Figure 1 AMPK modulates cell-cycle progression and cell growth.
Notes: Cell growth inhibition is mainly achieved by regulating one of the most well-known anabolic pathways, which involves mTORC1. AMPK activates TSC1/2 complex, leading to the downregulation of mTORC1, composed by mTOR itself and the associated protein, raptor. AMPK is also able to inactivate mTORC1 through the direct phosphorylation of raptor. In addition, AMPK blocks the activity of MDMX, thus leading to the stabilization of p53 and the subsequent cell-cycle arrest. Inhibitory phosphorylations are shown in red and activating phosphorylations in blue.
Abbreviation: AMPK, AMP-activated protein kinase.

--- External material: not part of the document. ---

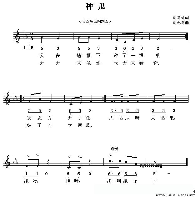 种瓜(刘饶民词 刘天浪曲、线的简谱混排版)的简谱歌词
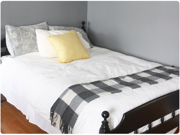 When we bought our house, the guest bedroom was a buttery baby yellow. It was fine but not very sophisticated so the first step was to repaint.

Besides the regulation of cell growth and proliferation, mTORC1 suppresses the autophagic flux through the inhibition of uncoordinated 51-like kinase 1 (ULK1) complex.16 Autophagy is required for the breakdown of cellular organelles and the recycling of cellular components under nutrient deprivation, as well as for the selective clearance of damaged organelles. In contrast to the inhibitory regulation operated by mTORC1, a variety of experimental evidence demonstrated that AMPK promotes autophagy by direct phosphorylation of ULK1 at several serine residues (eg, Ser317, Ser555, and Ser777).17,18 AMPK-dependent stimulation of ULK1 complex seems to appear as a universal event for the induction of autophagy, as it occurs under different conditions such as nutrient starvation, hypoxia, and drug administration. This route of activation results in the promotion of not only nonselective autophagy (known as bulk autophagy) but also selective autophagy: for instance, AMPK triggers mitophagy through the phosphorylation of ULK1 during stress conditions, and this pathway is also required for the clearance of damaged mitochondria in physiopathological states.1924 In addition, recent data showed that AMPK phosphorylates Beclin1 at Ser91/94, and this event is essential for the induction of autophagy in nutrient stress response.25 An interesting study published by Sanchez et al sustains that AMPK also determines, at least in skeletal muscle, the FoxO3-dependent increase of autophagy-related proteins, such as LC3B, GABARAPL1, and Beclin1.26 Another research supports these findings, since AMPK directly activates FoxO3 transcription through the phosphorylation of different serine residues (eg, Ser413, Ser588).27 Collectively, these data highlight that AMPK drives autophagy at multiple levels (Figure 2).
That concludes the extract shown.